[HN Gopher] Show HN: Dataherald AI - Natural Language to SQL Engine
       ___________________________________________________________________
        
       Show HN: Dataherald AI - Natural Language to SQL Engine
        
       Hi HN community. We are excited to open source Dataherald's
       natural-language-to-SQL engine today
       (https://github.com/Dataherald/dataherald). This engine allows you
       to set up an API from your structured database that can answer
       questions in plain English.  GPT-4 class LLMs have gotten
       remarkably good at writing SQL. However, out-of-the-box LLMs and
       existing frameworks would not work with our own structured data at
       a necessary quality level. For example, given the question "what
       was the average rent in Los Angeles in May 2023?" a reasonable
       human would either assume the question is about Los Angeles, CA or
       would confirm the state with the question asker in a follow up.

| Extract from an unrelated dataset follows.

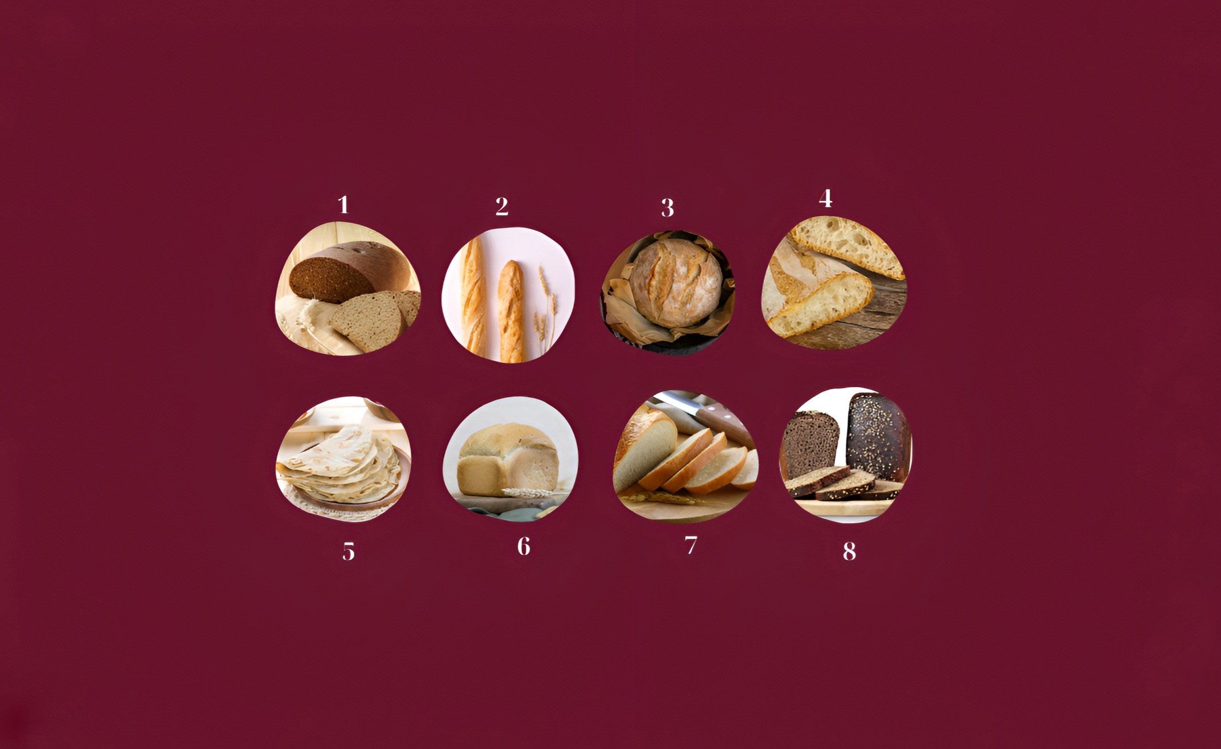 Чтобы узнать больше о своем характере, пройдите наш психологический тест по картинке. Для этого внимательно посмотрите на изображение и выберите тот хлеб, который из всех представленных Вам нравится больше всего. Или, возможно, именно сейчас этого хлеба Вам хочется больше всего. Запомните цифру рядом с этим хлебом и читайте ниже о чем свидетельствует Ваш выбор.

       However, an LLM translates this to:  select price from rent_prices
       where city="Los Angeles" AND month="05" AND year="2023"  This pulls
       data for Los Angeles, CA and Los Angeles, TX without getting
       columns to differentiate between the two. You can read more about
       the challenges of enterprise-level text-to-SQL in this blog post I
       wrote on the topic: https://medium.com/dataherald/why-enterprise-
       natural-languag...  Dataherald comes with "batteries-included." It
       has best-in-class implementations of core components, including,
       but not limited to: a state of the art NL-to-SQL agent, an LLM-
       based SQL-accuracy evaluator. The architecture is modular, allowing
       these components to be easily replaced. It's easy to set up and use
       with major data warehouses.  There is a "Context Store" where
       information (NL2SQL examples, schemas and table descriptions) is
       used for the LLM prompts to make the engine get better with usage.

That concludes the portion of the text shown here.